В голове Мейнарда воцарился сумбур, мысли путались и наскакивали друг на друга. Девчонка явно не в себе; она хуже последней шлюхи; она горяча, как огонь, он умрет, если немедленно не овладеет ею.

– О-о, Боже мой, Боже, – простонал он. – Никогда не думал, что это может быть так хорошо. Ах ты сладкая, красивая штучка! Что я должен делать?

– Возьми меня, – ответила она, соблазнительно засмеявшись. – Я больше не помолвлена с Бенджамином Мистом. Если ты женишься на мне, Ричард Мейнард, каждая твоя ночь будет такой, как сейчас.

И когда она еще раз довела его до неописуемого, невероятного блаженства, он понял, что больше не сможет без нее жить.

Двойное оглашение, сделанное викарием Витфилдом – «Дженна Кэсслоу, девица, и Бенджамин Мист, холостяк, оба – жители этого прихода; Дебора Вестон и Ричард Мейнард – то же самое», – наделало в Мэгфилде немало шума. Что случилось, спрашивали все, что могло вызвать такие внезапные перемены? Что заставило Бенджамина Миста отказаться от прелестнейшей в округе девушки ради смуглой долговязой уродины? Родители Деборы Вестон отмалчивались, ограничиваясь намеками на то, что плотник надоел их дочери, и она предпочла куда более зажиточного арендатора Бэйндена. Но не все в это верили, и когда старуха Мауд, наконец, обнародовала свое мнение, многие решили, что она права. Устрсмив на собеседника тяжелый многозначительный взгляд, Мауд шептала:

– Здесь не обошлось без нечистой силы. Вспомните Алису Кэсслоу…

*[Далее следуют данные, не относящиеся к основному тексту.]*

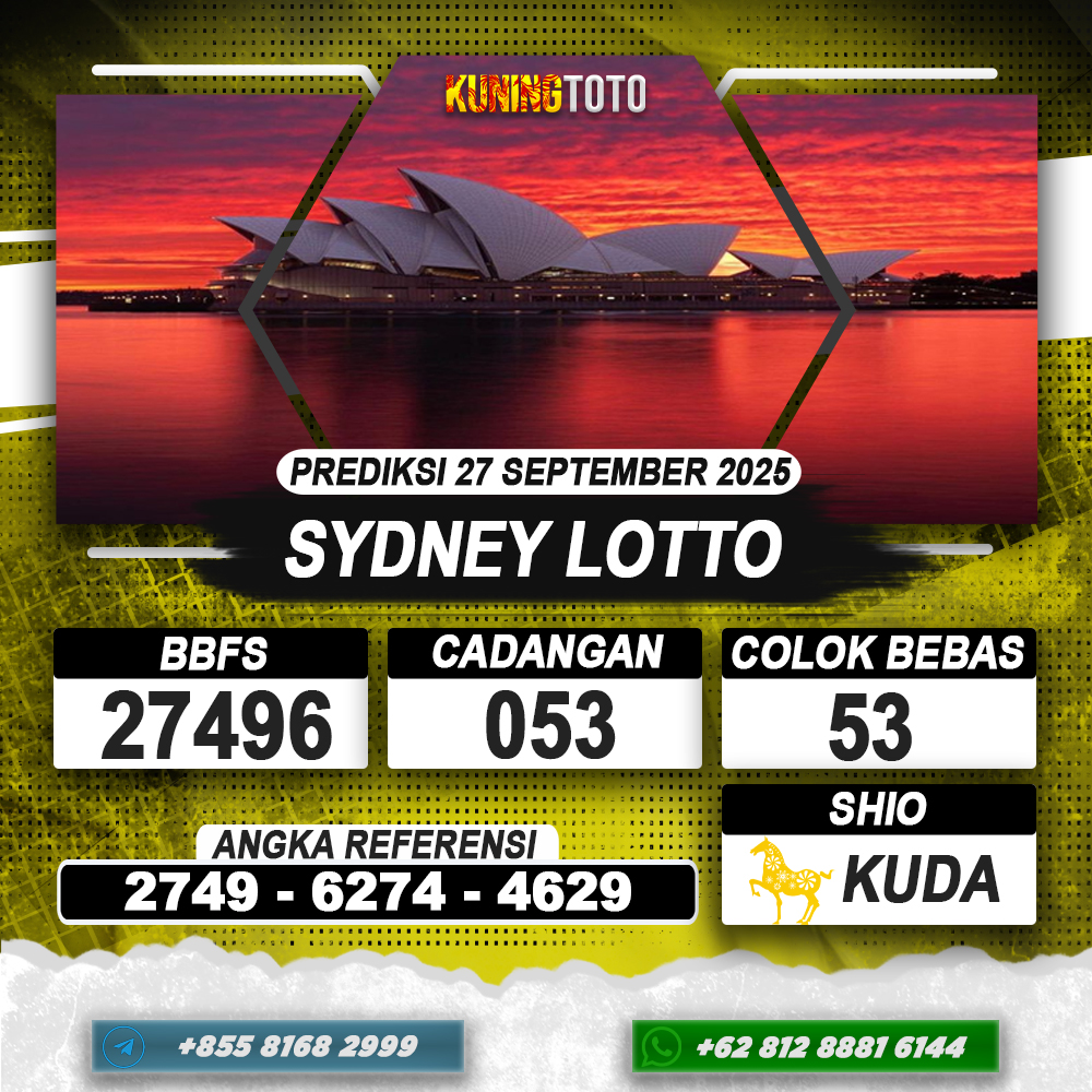 PREDIKSI TOGEL SYDNEY LOTTO 27 SEPTEMBER 2025 – Selamat Datang di Situs Prediksi Togel Online Akurat dan Resmi KUNINGTOTO. Permainan Togel atau Toto Gelap ini telah lama menarik perhatian dan banyak dimainkan oleh para bettor. Sejak dulu permainan togel dimainkan dengan memasang taruhan angka dengan bandar darat yang tersedia di daerah masing – masing. Namun sekarang ini dengan perkembangan teknologi yang semakin maju, para bettor bisa menikmati permainan togel secara online. Anda bisa menemukan banyak6ya Situs Bandar Togel Online yang menyediakan layanan pemaangan angka togel secara praktis. Dimana masing – masing situs bandar togel online resmi dan terpercaya tentu menyediakan layanan dan keuntungan yang berbeda – beda untuk Anda.

То, что колдовство могло вызвать разрыв между Мистом и Деборой, казалось вполне правдоподобным, и хотя версия эта еще не стала предметом гласности, ее потихоньку обсуждали за закрытыми дверями Мэгфилда. Говорили, что Дженна пошла по стопам своей тетки и стала ведьмой. Правда, пока что не произошло ничего, что подтверждало бы это: никто из детей или взрослых не умер при подозрительных обстоятельствах, не пострадали ничьи коровы или овцы. Если Дженну можно было в чем-то обвинить, так только в том, что она приворожила Бенджамина Миста, но он отнюдь не казался этим недовольным.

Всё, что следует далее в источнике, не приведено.